Article by Scott Hubbard
T wo years after he lost his son, you could tell he had Two years after he lost his son, you could tell he had changed. Death had stolen into his family and pierced him, shattered him, broken him. Yet gradually, haltingly, he crawled up from that pit and limped among the living again. And over time, friends could see he spoke less quickly, listened more patiently, and was becoming a refuge for the wounded and bereaved. His heart, though battered and torn, had grown bigger for his grief. Years after her own traumatic trials, you could tell she too had changed. She was still sociable, but sarcasm seemed to taint most conversations.
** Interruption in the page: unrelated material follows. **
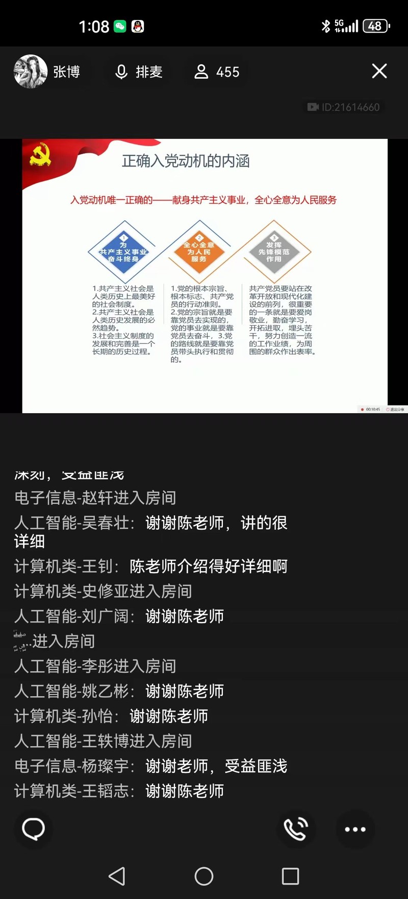 9月13日,2023级本科新生入党“启航计划”第二场专题报告于腾讯会议线上举行,2023级500多名同学同时在线。学院党委组织员陈国秋作了题为“加入中国共产党是青年大学生的正确选择”专题报告会。陈国秋围绕“青年大学生为什么要加入中国共产党”这一核心问题,讲述中国共产党从建立到逐渐发展为伟大、光荣的领导力量这一宏伟征途,以这一光辉灿烂的发展史告诉我们:党的领导是正确的、是历史潮流的必然趋势,加入中国共产党是青年大学生的正确选择。陈国秋还以导图的形式详细地介绍了入党流程以及入党申请书的规范格式、书写方法,让同学们清晰了解了入党流程。此次专题报告会使全体参会同学对党组织有了初步了解,为他们明晰了未来的入党规划,激起了新生入党热情的同时,鼓励2023级500多名新生积极向党组织靠拢,保持对党、对祖国的赤诚热忱。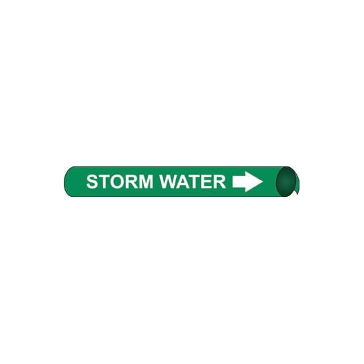 NMC F4120"Storm Water" Strap-On Pipe Marker, Fits 6"-8" Pipe, White/Green

Friends couldn’t talk deeply with her anymore, at least not safely. She walked through the world as a Mara, without hope of becoming Naomi again (Ruth 1:20). Her heart, now protected under layers of superficiality, slowly calloused. Though a few details in these two portraits are imagined, the people behind them are not. Almost a decade later, the
faces of this man and this woman remain imprinted on my memory: the first weeping in brokenhearted faith, the second smiling in detached cynicism. No doubt many of us can recall similar faces and similar stories — stories of how suffering softened or hardened someone. How suffering softened or hardened us. When the breakers and waves of sorrow wash over us, some drift into a shoreless sea of hopelessness. And others, through agonized gasps, say to their soul, “Hope in God; for I shall again praise him, my salvation and my God” (Psalm 42:5–6). Hope Against Hope The pages of Scripture are filled with such hopers: psalmists who remember God’s works at midnight (Psalm 77), prophets who sing during famines (Habakkuk 3:17–19), worshipers who trust God, though he slays them (Job 13:15). Like Abraham, all these “in hope . . . believed against hope”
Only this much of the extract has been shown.